Toward Low-Latency Estimation of Atmospheric CO2 Growth Rates Using Satellite Observations: Evaluating Sampling Errors of Satellite and In Situ Observing Approaches

The atmospheric CO₂ growth rate is a fundamental measure of climate forcing. NOAA's growth rate estimates, derived from in situ observations at the marine boundary layer (MBL), serve as the benchmark in policy and science. However, NOAA's MBL-based method encounters challenges in accurately estimating the whole-atmosphere CO₂ growth rate at sub-annual scales. Here we introduce the Growth Rate from Satellite Observations (GRESO) method as a complementary approach to estimate the whole-atmosphere CO₂ growth rate utilizing satellite data.
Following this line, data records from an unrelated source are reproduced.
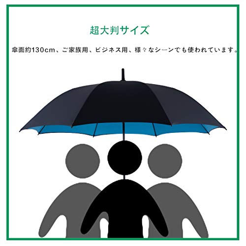 ブラックフライデーセール開催中、ご注文はお早めに!【超大判サイズ】通常の傘が90~110cm程度ですので、約二回りは大きいデザインです。通常の傘より重いですが、安定感がよく大きさの割には重量感は感じにくい大きな長傘です。リュックやバッグを持っていても荷物を濡らしにくく、ご家族用、ビジネス用、車椅子の介助等、様々なシーンでも使われています。
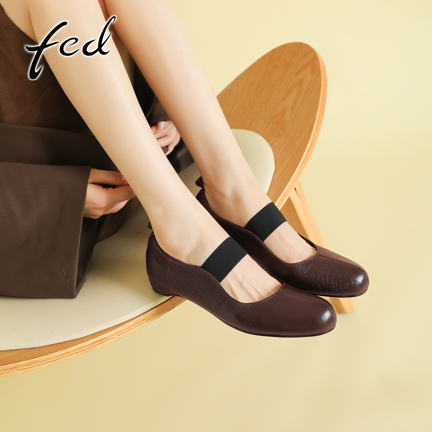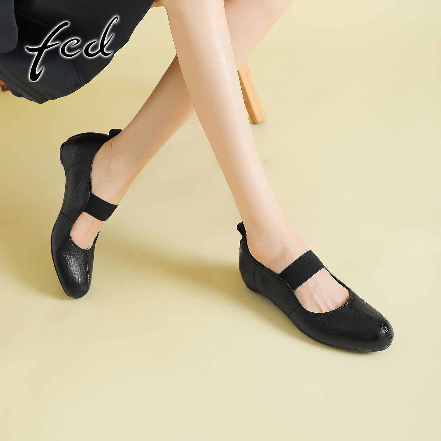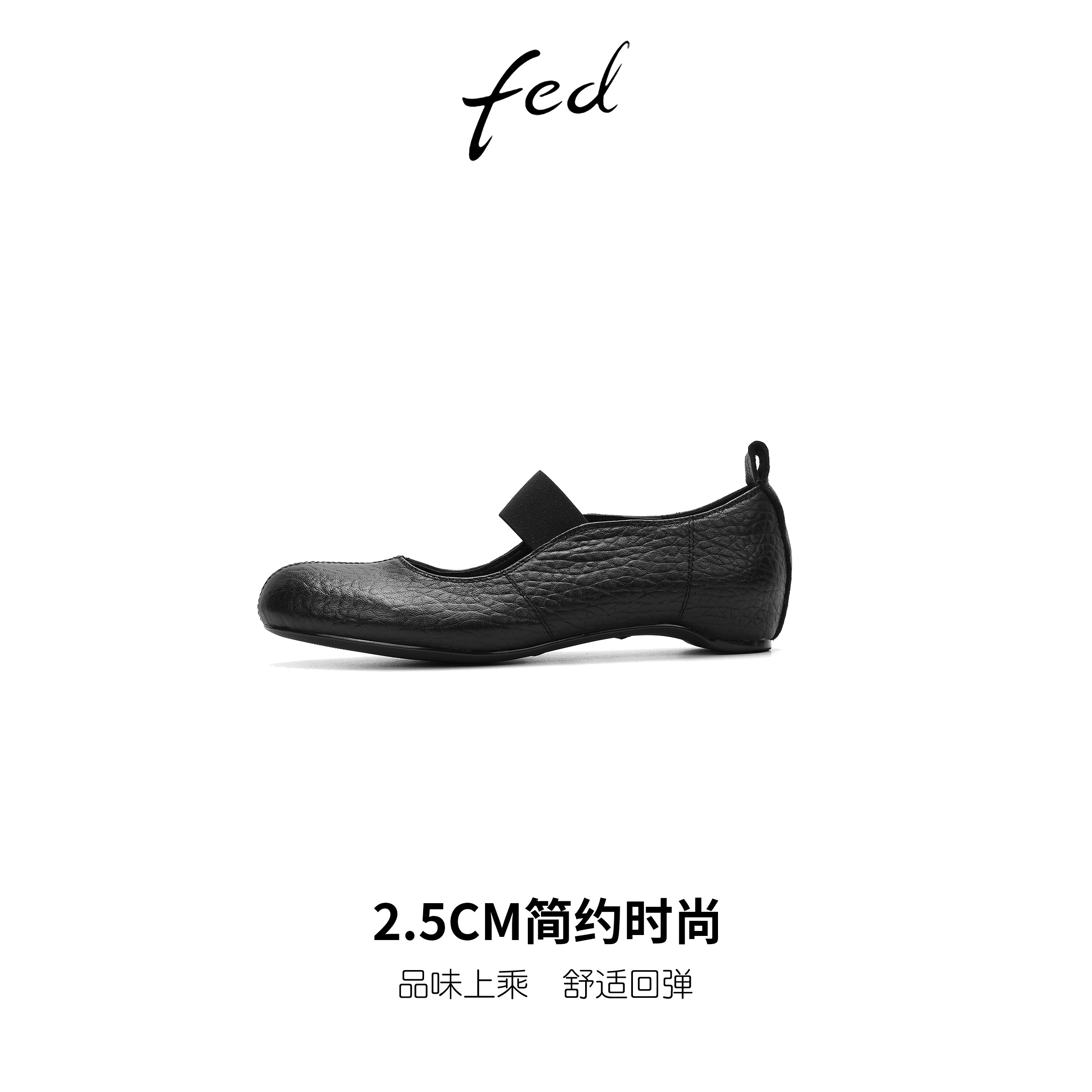 fed法式复古软羊皮玛丽珍鞋女春季新款一字带内增高圆头浅口单鞋
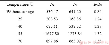 表1 CFx阴极在不同温度下储存15天后Raman谱的ID/IG值
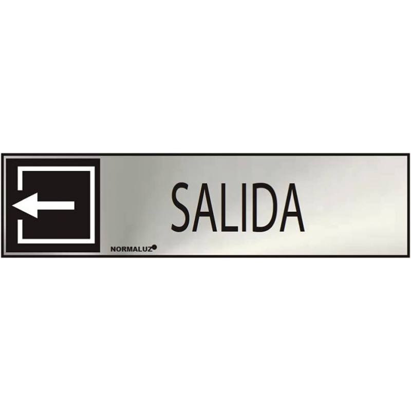Señal realizada en inoxidable con icono y texto indicadores de salida, con placa adhesiva, en formato horizontal de 5 x 20 centímetros.
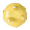 the globular body supported on three long feet and surmounted with two looped handles, the exterior carved in relief with irregular warts highlighted in brown enamel against yellow ground, the underside of the body incised with a four-character Qianlong mark
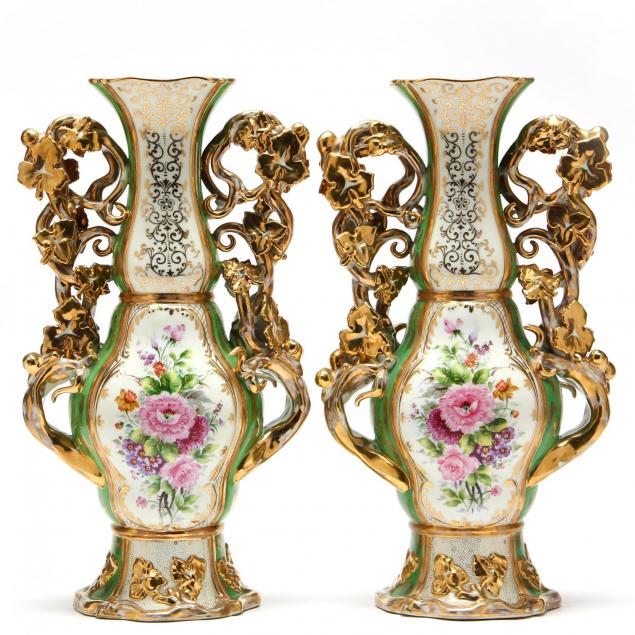 19th century, ornate gilt floral handles, with floral, gilt and green decoration, unmarked.
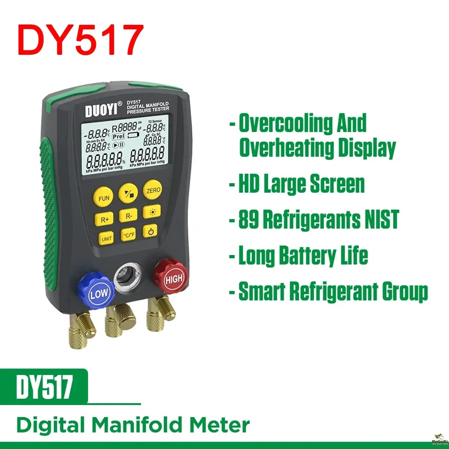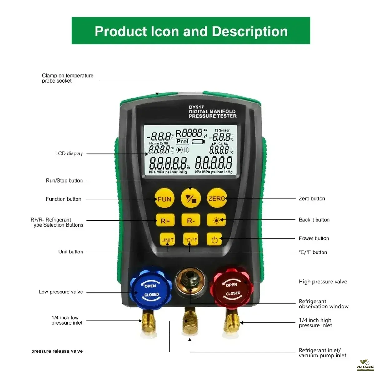 Large-size liquid crystal display, LCD backlight support, data display clear and easy to read, convenient light operation. Long-life valve switch, 1/4-inch standard interface design to ensure that the instrument's durability and versatility.
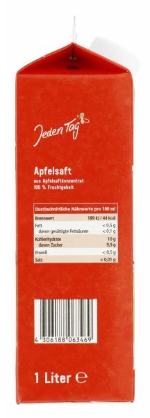 Apfelsaft aus Apfelsaftkonzentrat, 100% Fruchtgehalt.
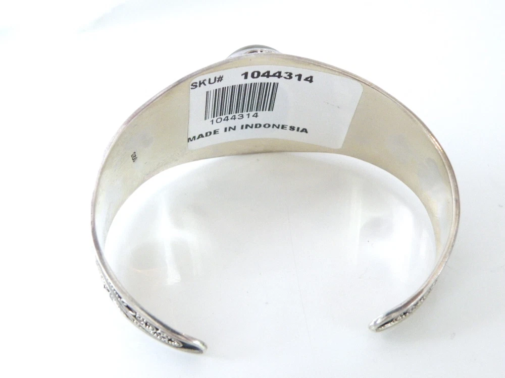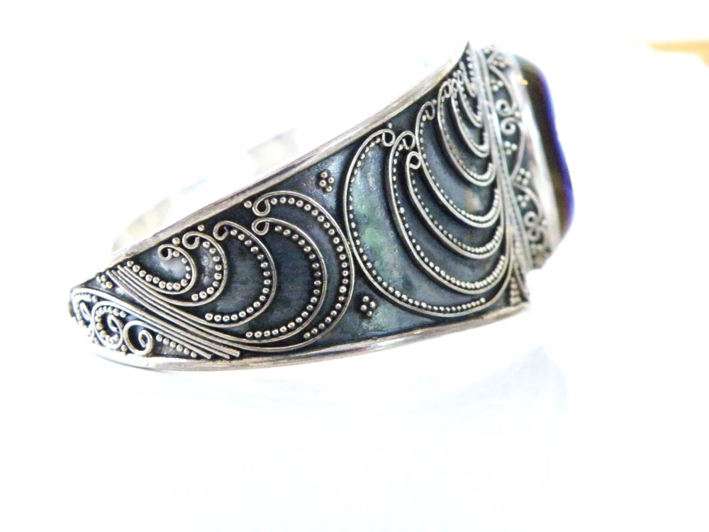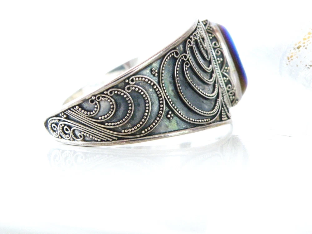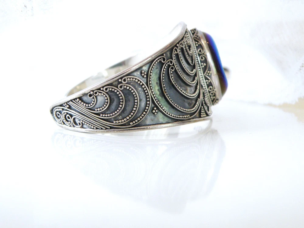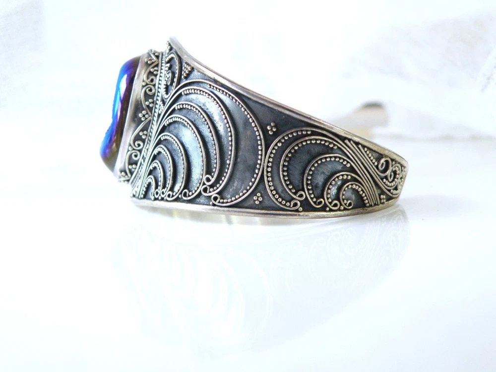 When it’s time to party, you need a fun bracelet, and this is it! This fabulous chunky sterling silver wrap cuff bracelet showcases a very slick design with an electric blue drusy crystal and beadwork that is meticulously placed. The gap opens to accommodate a size up or down. WEIGHT: 33.6 grams - nice weight MEASURES APPROX: 7.5" inside or 2- 1/2" across the top x 1.32" top to bottom of the widest area MARKINGS: '925' for sterling silver and there might be a maker's mark under the retail sticker
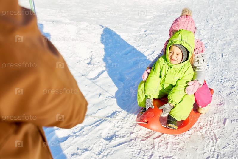 Маленькие дети на санях
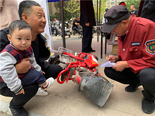 社區(qū)工作人員深入小區(qū)為居民電動(dòng)車上牌
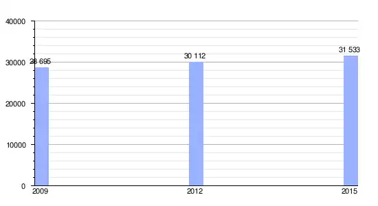 | Gráfica de evolución demográfica de La Chapelle entre 2009 y 2015 |
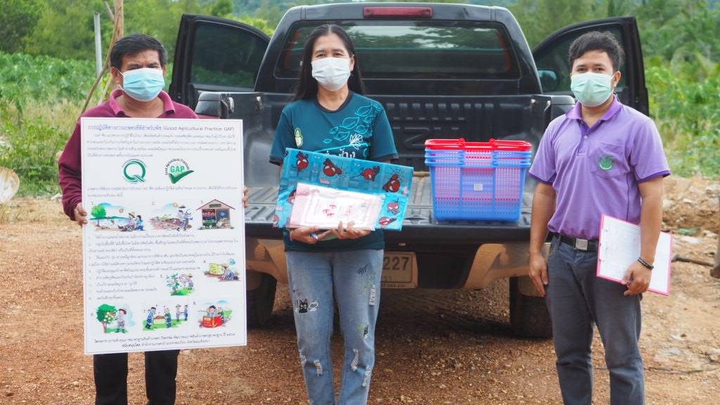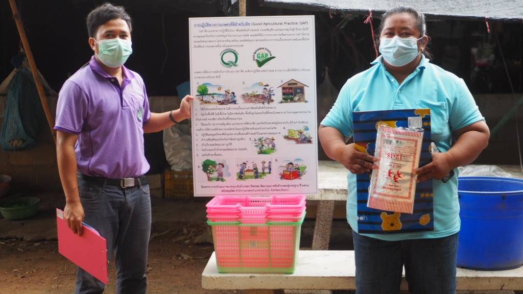 วันที่ 7 กรกฎาคม 2564 เวลา 13.00 น. นายชัชวาล ลิ้มประสิทธิศักดิ์ นักวิชาการส่งเสริมการเกษตรชำนาญการ มอบหมายให้นายสิทธิกร แสนอ้วน นักวิชาการส่งเสริมการเกษตร ลงพื้นที่ส่งมอบวัสดุตามโครงการยกระดับคุณภาพมาตรฐานสินค้าเกษตร กิจกรรมพัฒนาคุณภาพสินค้าเกษตรสู่มาตรฐาน ปี 2564 กิจกรรมสนับสนุนการจัดการและพัฒนาผลิตผลสินค้าเกษตร GAP ในขั้นต้น ให้กับเกษตรกรที่เข้าร่วมโครงการ จำนวน 8 ราย ณ พื้นที่บ้านหนองเรือ หมู่ 10 และบ้านคลองสียัด หมู่ 18 ตำบลท่าตะเกียบ อำเภอท่าตะเกียบ จังหวัดฉะเชิงเทรา
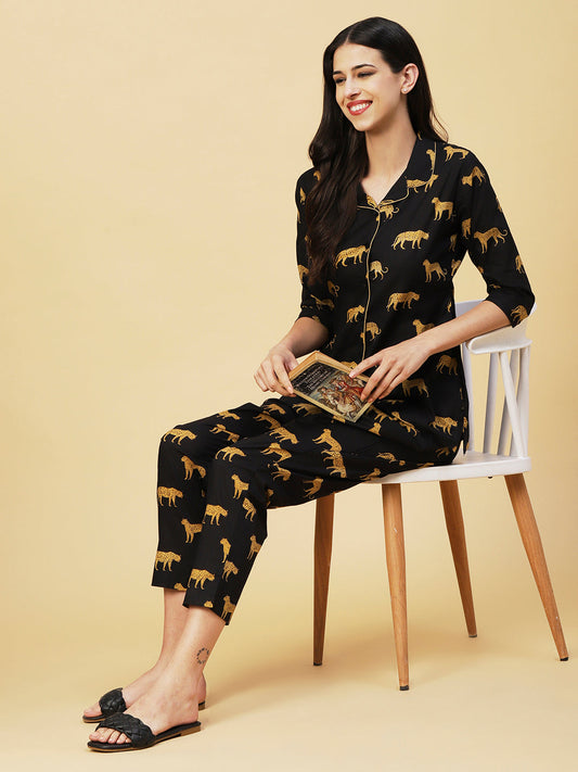 Animal Printed A-line Shirt With Pants Co-ord Set - Black
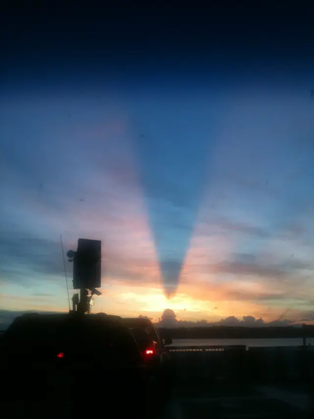 Fenomenet på bilden är en variant av skuggstrålar. Flertalet skuggstrålar brukar synas i riktning mot solen. Den på bilden har solen i diametralt motsatt riktning.
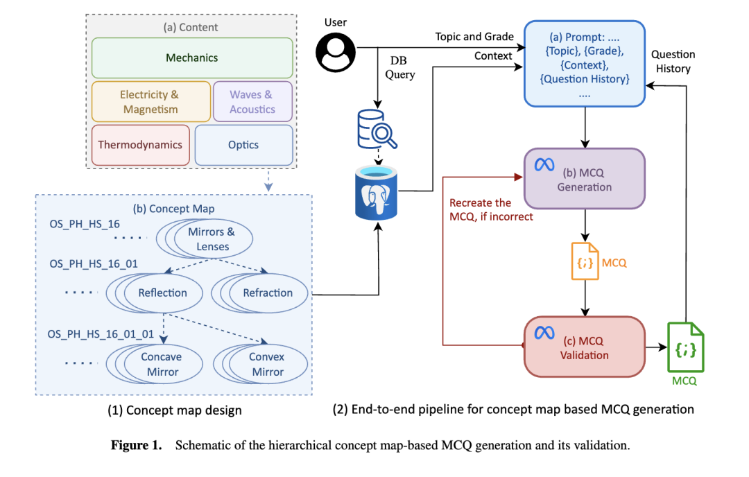 图1展示了我们为自动化生成和验证多项选择题(MCQs)所开发的整体系统的示意图。系统的关键组成部分包括:概念图、基于大语言模型(LLM)从概念图生成问题,以及自动化验证。
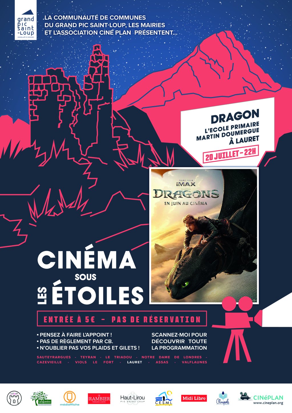 La Communauté de Commune en Grand Pic Saint-Loup, la mairie et l'association Cinéplan présentent une séance de cinéma en plein air le dimanche 20 juillet 2025 à 22h00 dans la cour de l'Ecole Primaire (2 route de Montpellier 34270 LAURET).
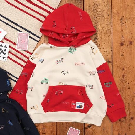 はたらく車や「TOMICA」のロゴの総柄刺繍がとってもかわいいパーカー★前ポケットにはTOMICAのパッケージデザインのオリジナルラベルがついています♪オリジナルラベルにはFOスマイルも登場しているよ!イメージを変えて着られる2色展開。きょうだいでリンクコーデもおすすめです♪
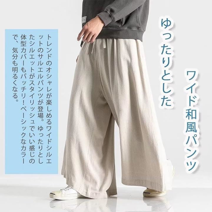 ワイドパンツ ガウチョパンツ 袴パンツ ゆったり 和式ズボン ロング 大きいサイズ サルエルパンツ 麻 リネン ビッグシルエット ルームウェア 無地 オーバーサイズ 男女兼用 |
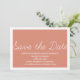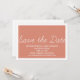 Whimsy Spara datum-anmälan i orange och vitt med en enkel och rolig skript typografi design. Denna trendiga spara datum inbjudan är lätt att anpassa med dina bröllopsdetaljer. För fler anpassningsalternativ, klicka på knappen Anpassa den.
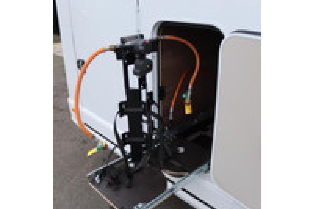 - Ruimte voor gasflessen met deur en uittrekbare slede
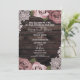 Convite Rosas Florais Rosa Poeira Madeira Rústica Noivado
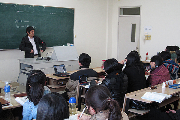 从上一堂课开始,石津老师就从来没有因为教的是中国学生,而疏于备课,相反,他从中国大学生学习日语的实际情况出发,花费大量时间精心查找授课资料,合理安排教学时间,丰富授课课程内容。石津老师在上课时总是由浅入深,循序渐进,学生们总会有茅塞顿开、豁然开朗的感觉。在课堂上讲解时,他针对班上学生的日语水平,从基础日语语言知识入手,放慢语速,一旦发现同学们的脸上露出疑惑的神情,就会不厌其烦地为学生重复,或者换一种更简单的表达方式,直至我们异口同声地发出“噢!”他才会像松了一口气一样和我们一起大笑“なるほどね。”。
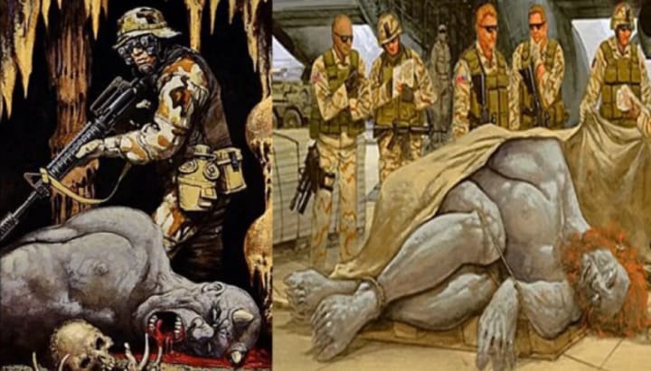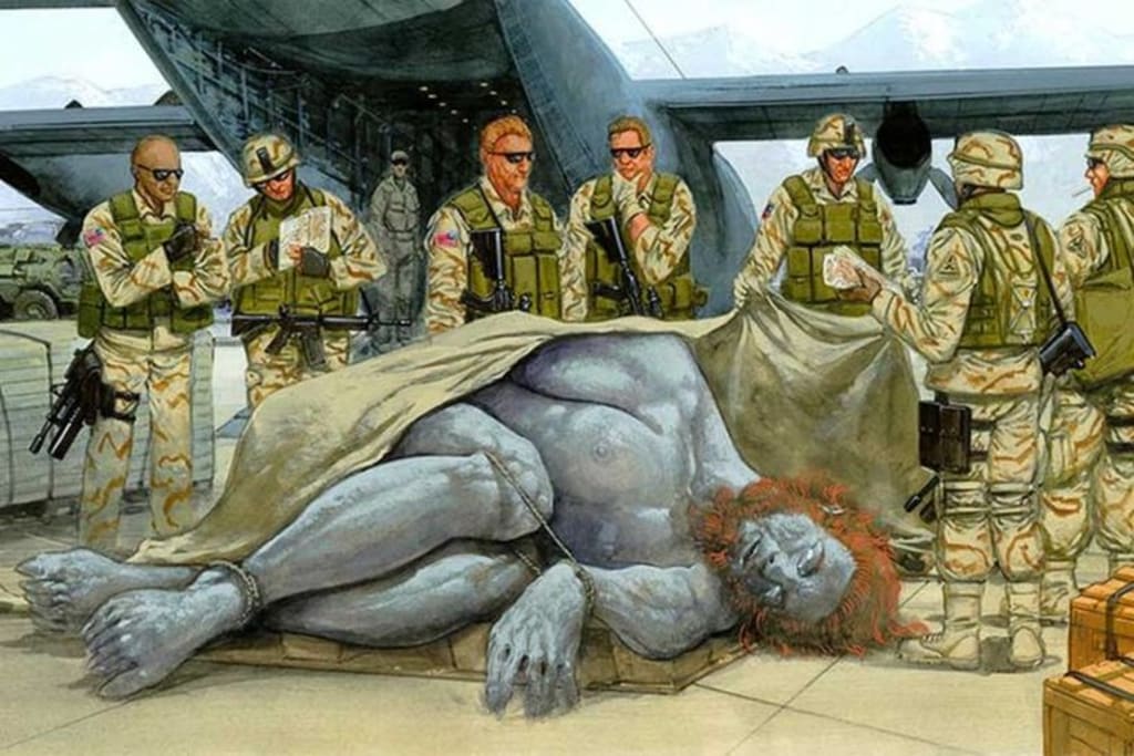 A 13-foot-tall beast with flaming red hair, six fingers on each hand, and two sets of teeth was alleged to have been killed by an elite tactical unit in 2002.

Satellite CO₂ observations offer extensive atmospheric coverage that extends the capability of the current NOAA benchmark. We assess the sampling errors of the GRESO and NOAA methods using 10 atmospheric transport model simulations. The simulations generate synthetic OCO-2 satellite and NOAA MBL data for calculating CO₂ growth rates, which are compared against the global sum of carbon fluxes used as model inputs. We find good performance for the NOAA method (R = 0.93, RMSE = 0.12 ppm year⁻¹ or 0.25 PgC year⁻¹). GRESO demonstrates lower sampling errors (R = 1.00; RMSE = 0.04 ppm year⁻¹ or 0.09 PgC year⁻¹). Additionally, GRESO shows better performance at monthly scales than the NOAA method (R = 0.76 vs. 0.47, respectively). Due to CO₂'s atmospheric longevity, the NOAA method accurately captures growth rates over 5-year intervals. GRESO's robustness across partial coverage configurations (ocean or land data) shows that satellites can be promising tools for low-latency CO₂ growth rate information, provided the systematic biases are minimized using in situ observations. Along with accurate and calibrated NOAA in situ data, satellite-derived growth rates can provide information about the global carbon cycle at sub-annual scales.